We evaluated four popular unpaired integration methods (Seurat v4, LIGER, FigR, bindSC), and three multiome-guided integration methods (Seurat v4, MultiVI, and Cobolt). To account for the increased power resulting from the larger absolute number of cells employed during the integration process by the multiome-guided methods, we created another scenario termed ‘unpaired (multiome-split)’ in which the RNA-seq and ATAC-seq data from the multiome samples were treated as independent datasets and appended to the single-modality datasets. This category again includes the four unpaired-integration methods, the only difference being that the single-modality datasets now include additional single-modality cells that were converted from the multiome cells.
To evaluate the performance of each method for cell type identification, we performed Louvain clustering [13] on the integrated embedding. For methods capable of missing modality imputation, we imputed gene expression using snATAC-seq profiles. We then evaluated the integration results in four aspects as shown in Figure 1A. Specifically, we evaluated cell type annotation accuracy using two metrics: Adjusted Rand Index (ARI) [14] and Normalized Mutual Information (NMI) [15]. Both metrics range from 0 to 1, with 1 being the best. The detailed approach is described in the Methods section. The accuracy of cell type annotation depends on the number of cell clusters identified; therefore, an additional way to measure data integration quality is via the accuracy of cell type separation. Using the ground-truth annotation, we evaluated how well cells of different identities are separated, using a cell type specific average silhouette width (ASW) [16] and a cell type Local Inverse Simpson’s Index (cLISI) [17, 18]. Furthermore, because the three data types could have technology-specific differences, we used a batch ASW [16] and the k-nearest neighbor batch effect test (kBET) [16] to measure batch-mixing of the integrated results. These four measurements were normalized to be in the range of 0 and 1 in which 1 is the best result, namely high separation between cell types and complete mixing of data batches.
We also evaluated the quality of ‘peak to gene pair’ predictions by assessing the accuracy of assigning an ATAC-seq peak to a specific gene. Using the measured ATAC-seq and imputed RNA-seq data, we computed the percentage of significant peak-gene pairs recovered as compared to a ground truth obtained using all cells in the multiome dataset. To penalize for the presence of false positives reported by the data integration methods, we also calculated an F1 score [15], which normalized the absolute percent recovery of the true peak-gene pairs by the occurrence of false positive and false negative relationships.

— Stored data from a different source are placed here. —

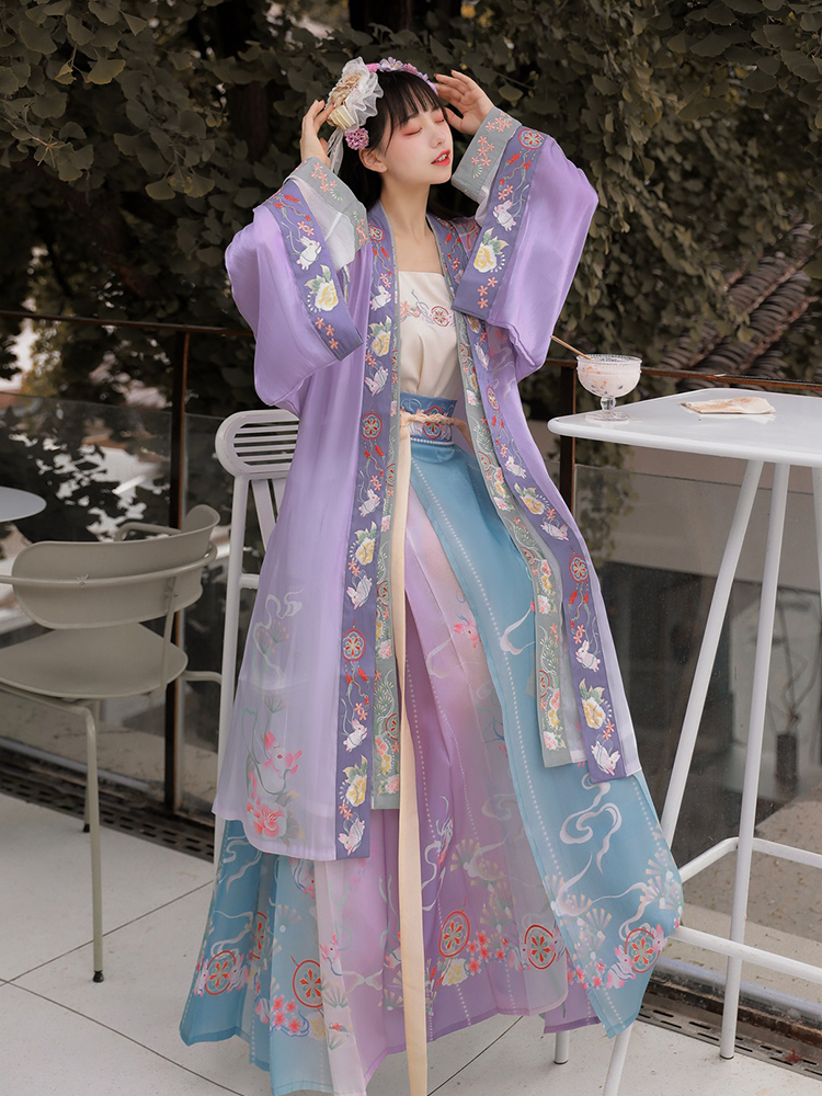 年轻女性偏爱齐胸襦裙的青春活力感。春秋时节,可在襦裙外加一件半臂或短褙子,既增加了实用性,又丰富了造型层次。选择枫叶红、银杏黄等季节性色彩,与自然秋色相映成趣。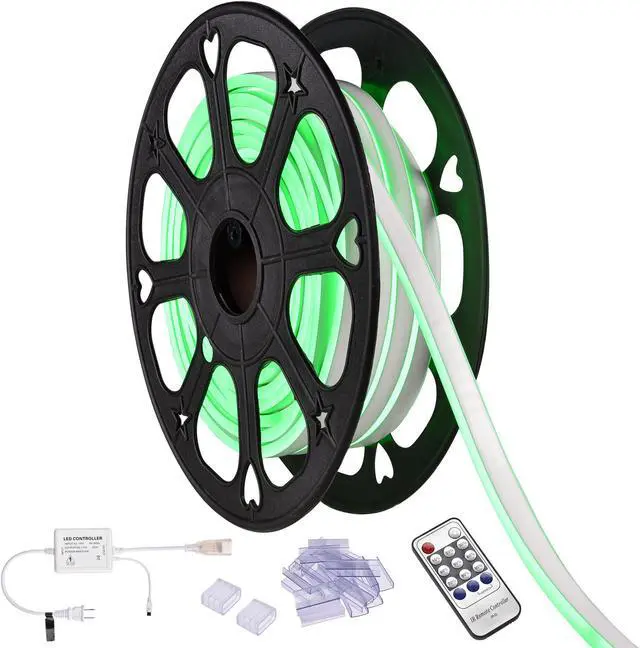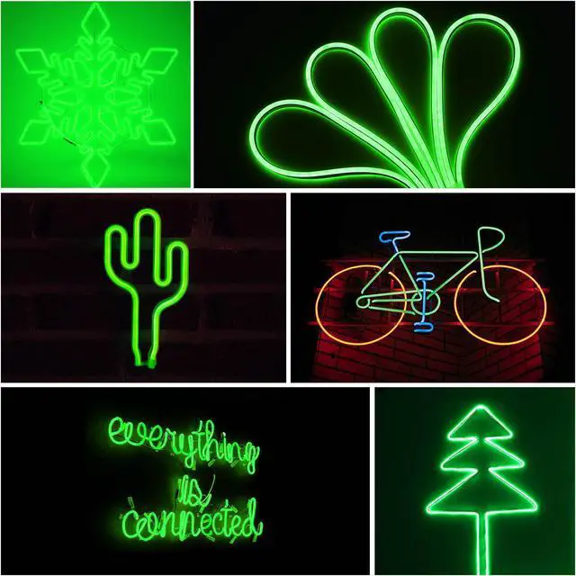- Soft & Bendable Strip for DIY - 50 ft DELight 2-Sided Neon Rope Light with 120 pcs ultra-bright LED bulbs per meter, flexible to fit any corner well & design angled pattern or logo you like, or in continuous rows, perfect backlight for ceiling, window, door, garage, also ideal for restaurant, store, bar, party, Christmas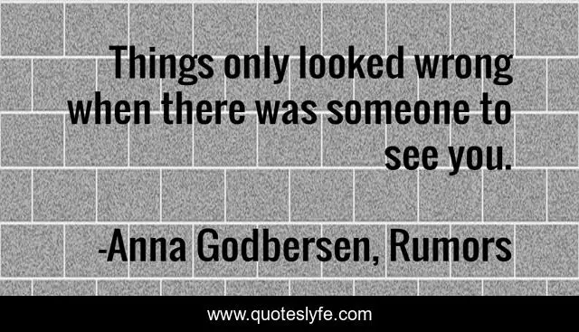 This page presents the quote "Things only looked wrong when there was someone to see you.". Author of this quote is Anna Godbersen, Rumors. This quote is about conscience, wrongdoing,.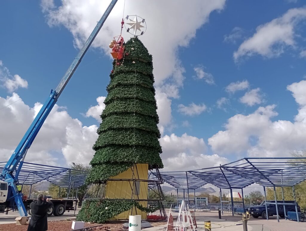 “Tratamos de hacer primeramente la estructura, que quedara bien cimentada, en el sentido de que se pueda reutilizar cuando termine la Navidad, tiene una base octagonal y va a ir adornado con esferas gigantes rojas y doradas. El próximo sábado vamos a hacer la primera prueba de encendido”, comentó.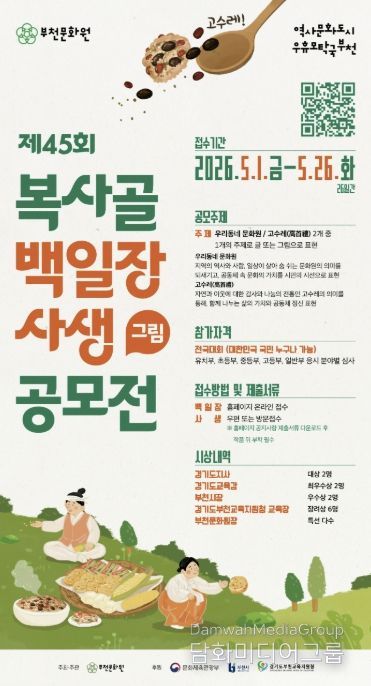 부천문화원 권순호 원장은 “설립 60주년이라는 뜻깊은 해에 열리는 이번 공모전은 지역 문화의 가치를 시민들과 함께 공유하는 소중한 기회가 될 것”이라며 “특히 ‘고수레’와 같은 나눔의 가치가 이번 공모를 통해 우리 사회의 따뜻한 공동체 문화로 다시금 뿌리 내리길 기대한다”고 밝혔다.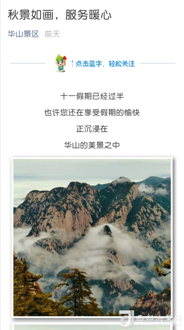 9月30日至10月8日期間,景區(qū)官方微信以歡度雙節(jié)、防疫安全、熱心服務(wù)、旅游攻略等為主題發(fā)布宣傳軟文23篇,累計閱讀量4.2萬人次,分享及轉(zhuǎn)發(fā)量共計1430次;官方微博向游客及時發(fā)布景區(qū)天氣、客流、景色實(shí)況、溫馨提示等景區(qū)度節(jié)綜合信息共計102條,閱讀量高達(dá)101.9萬次,并耐心、細(xì)致解答網(wǎng)友私信、評論共計532條;通過抖音平臺發(fā)布景區(qū)公告、秋日美景、好人好事等短視頻及圖片錦集共計18條,播放量共計 1.4萬次。

Do Multiome data improve the annotation of single-modality datasets?
PBMC
To answer if multiome data improve the analysis of single-modality datasets (scRNA-seq and scATAC-seq), we first simulated the situation with 1,000 scRNA-seq cells and 1,000 snATAC-seq cells based on the PBMC data. These single-modality cells were integrated using each of the four unpaired integration methods. To evaluate if multiome data improve the analysis of single-modality datasets, we considered the situation where we have a multiome dataset, potentially with different numbers of cells (e.g., 1000, 3000, or 8000). These multiome data were integrated with the single-modality datasets using the multiome-guided methods. However, because the number of cells used during clustering and gene expression imputation impacts the clustering accuracy and peak-gene association identification, we ran the unpaired integration methods again, this time treating the multiome dataset as single-modality cells and adding them to the existing single-modality data. Here, any increase in performance is solely caused by the increase in cell number; the results from these evaluations are labeled as the ‘unpaired (multiome-split)’ category. For each simulation, we randomly drew the cells from the 10,085 PBMC dataset and each condition was repeated five times. The parameters used for this simulation are summarized in Figure 2A.

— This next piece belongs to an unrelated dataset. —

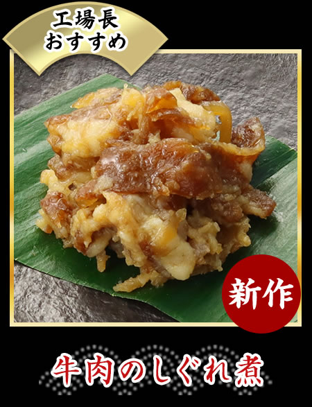 参の重は、海の幸を中心とした、彩り豊かなご馳走が満載です。こちらも【工場長おすすめ】の新作「牛肉のしぐれ煮」。甘辛い味付けが食欲をそそり、ご飯のお供にも、お酒の肴にもぴったりな逸品です。
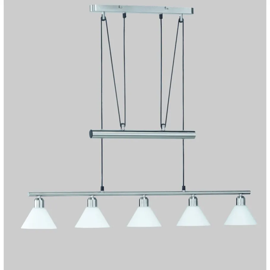 De in hoogte verstelbare STAMINA lamp zorgt met zijn licht voor een aangename verlichting in je woonruimte en is bijzonder geschikt voor gebruik boven de eettafel of iets dergelijks. De breedte is 102cm en de hoogte is verstelbaar van 80 tot 180cm. Het aantrekkelijke silhouet samen met het frame in mat nikkel en de glazen lampenkappen in opaalwit creëren een elegante look. Voor een energiebesparende verlichting is het gebruik van een ledlichtbron aanbevolen. Deze zijn een optimaal alternatief voor gewone halogeenlampen en staan voor een hoge lichtkwaliteit en een energiebesparing van tot 80%. Bovendien profiteert u bij ledlichtbronnen van een lange levensduur, een geringe warmteontwikkeling en spaart tegelijkertijd het milieu.

The evaluation result for each method is summarized in Figure 2B. Without the incorporation of multiome data, the cell type annotation accuracy was already good, being 0.81 in ARI and 0.81 in NMI when integrating the unpaired data using the bindSC program (Figure 2B). Surprisingly, in the presence of 1,000 multiome cells, the multiome-guided approaches performed worse than simply integrating the data from the 2,000 single-modality cells by themselves (Figure 2B). This unexpected result is likely caused by the fact that 1,000 multiome cells alone do not achieve good cell type separation, which is a critical requirement for the multiome-guided methods to succeed. However, when we used 3,000 or 8,000 multiome cells, Seurat v4, one of the multiome-guided methods, achieved the best results in terms of cell type annotation (Figure 2B). Furthermore, when comparing the multiome-guided results with unpaired (multiome-split) results, the performance of Seurat v4 remained higher when there are 3,000 or 8,000 cells (Figure 2B). Thus, our findings indicate that the multiome data can improve cell type annotation of the single modality datasets, provided that there is a sufficient number of multiome cells available.
Next, we evaluated the performance of each method in predicting peak-gene pairs. Peak-gene pairs are calculated using 1,000 measured chromatin accessibility profiles and the corresponding 1,000 imputed gene expression profiles. Here, we compared predicted peak-gene pairs to the ground-truth list calculated using multiome cells in the full PBMC data. Seurat v3 performed very well at recovering the absolute number of peak-gene pairs, and the incorporation of data from multiome cells through splitting only marginally increased the performance (Figure 2B). BindSC had a slightly better F1 score than Seurat v3, meaning that the Seurat v3 results contained more false positives (Figure 2B). For the multiome-guided methods, the more multiome cells available during gene expression imputation resulted in higher peak-gene pair recovery (Figure 2B). Nevertheless, the incorporation of data from multiome cells using the multiome-guided methods did not perform better than the unpaired methods, with the exception that the F1 score was higher in MultiVI (Figure 2B).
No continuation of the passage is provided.